> **Data excerpt**
◇ ◇ ◇ ◇ ◇ ◇ ◇
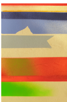
[ /export/sites/dph/cultura/.galleries/imagenes/Arco/2022/Obra_3.jpg ]
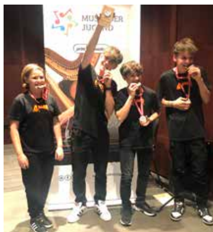
Jubel beim Bundessieg in Brixen
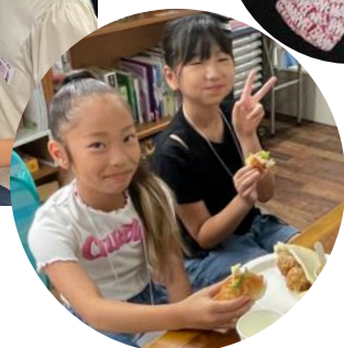
ランチのクッキングは、 ハニーマスタードチキンサンド、ハムサンドと デザートにクレープ

その他、ダンス、英語クイズ、じゃんけん大会、エアホッケーゲーム、紙飛行機投げ等、子ども達がワクワクする体験がいっぱいでした。子供たちの笑顔を見て、私たちスタッフも本当に楽しい 2 日間でした。
◇ ◇ ◇ ◇ ◇ ◇ ◇
> **Task description**
After locating the line that contains "ランチのクッキングは、 ハニーマスタードチキンサンド、ハムサンドと デザートにクレープ", output it and the remaining lines of the material above, exactly as they read.

> **Task answer**
ランチのクッキングは、 ハニーマスタードチキンサンド、ハムサンドと デザートにクレープ

その他、ダンス、英語クイズ、じゃんけん大会、エアホッケーゲーム、紙飛行機投げ等、子ども達がワクワクする体験がいっぱいでした。子供たちの笑顔を見て、私たちスタッフも本当に楽しい 2 日間でした。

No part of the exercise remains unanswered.